Vacek JL, Vanga SR, Good M, Lai SM, Lakkireddy D, Howard PA.
Mid America Cardiology, Division of Cardiovascular Medicine, University of Kansas Medical Center and Hospital, Kansas City, Kansas, USA.
1. Several studies have found that low vitamin D levels are linked to an increased risk of heart attack and premature death.
2. A University of Kansas Hospital study of more than 10,000 people found that vitamin D deficiency increased the death rate (deaths per year) by 100 percent.
3. Taking Vit D supplements reduced the death risk by 60 percent.
4. They recommended that adults take 1,000 to 2,000 IU’s of Vit D each day.
5. The supplement will only help you live longer if you are vit. D deficient.
6. Important: Remember up to 70% of Americans have low levels of Vit. D.
Recent evidence supports an association between vitamin D deficiency and hypertension, peripheral vascular disease, diabetes mellitus, metabolic syndrome, coronary artery disease, and heart failure.
The effect of vitamin D supplementation, however, has not been well studied.

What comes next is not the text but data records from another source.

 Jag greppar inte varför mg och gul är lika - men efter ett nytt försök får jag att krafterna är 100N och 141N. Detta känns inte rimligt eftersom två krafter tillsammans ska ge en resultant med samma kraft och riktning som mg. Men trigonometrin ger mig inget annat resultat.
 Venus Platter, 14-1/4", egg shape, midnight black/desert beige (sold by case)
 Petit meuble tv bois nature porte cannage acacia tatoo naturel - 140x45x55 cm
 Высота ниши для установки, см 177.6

We examined the associations between vitamin D deficiency, vitamin D supplementation, and patient outcomes in a large cohort.
Serum vitamin D measurements for 5 years and 8 months from a large academic institution were matched to patient demographic, physiologic, and disease variables.

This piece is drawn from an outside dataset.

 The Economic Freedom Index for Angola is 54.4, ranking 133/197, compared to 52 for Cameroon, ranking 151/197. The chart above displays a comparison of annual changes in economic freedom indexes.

The vitamin D levels were analyzed as a continuous variable and as normal (≥30 ng/ml) or deficient (<30 ng/ml).
Descriptive statistics, univariate analysis, multivariate analysis, survival analysis, and Cox proportional hazard modeling were performed.
Of 10,899 patients, the mean age was 58 ± 15 years, 71% were women (n = 7,758), and the average body mass index was 30 ± 8 kg/m(2).
The mean serum vitamin D level was 24.1 ± 13.6 ng/ml.
Of the 10,899 patients, 3,294 (29.7%) were in the normal vitamin D range and 7,665 (70.3%) were deficient.
Vitamin D deficiency was associated with several cardiovascular-related diseases, including hypertension, coronary artery disease, cardiomyopathy, and diabetes (all p <0.05).
Vitamin D deficiency was a strong independent predictor of all-cause death (odds ratios 2.64, 95% confidence interval 1.901 to 3.662, p <0.0001) after adjusting for multiple clinical variables.
Vitamin D supplementation conferred substantial survival benefit (odds ratio for death 0.39, 95% confidence interval 0.277 to 0.534, p <0.0001).
In conclusion, vitamin D deficiency was associated with a significant risk of cardiovascular disease and reduced survival.
Vitamin D supplementation was significantly associated with better survival, specifically in patients with documented deficiency.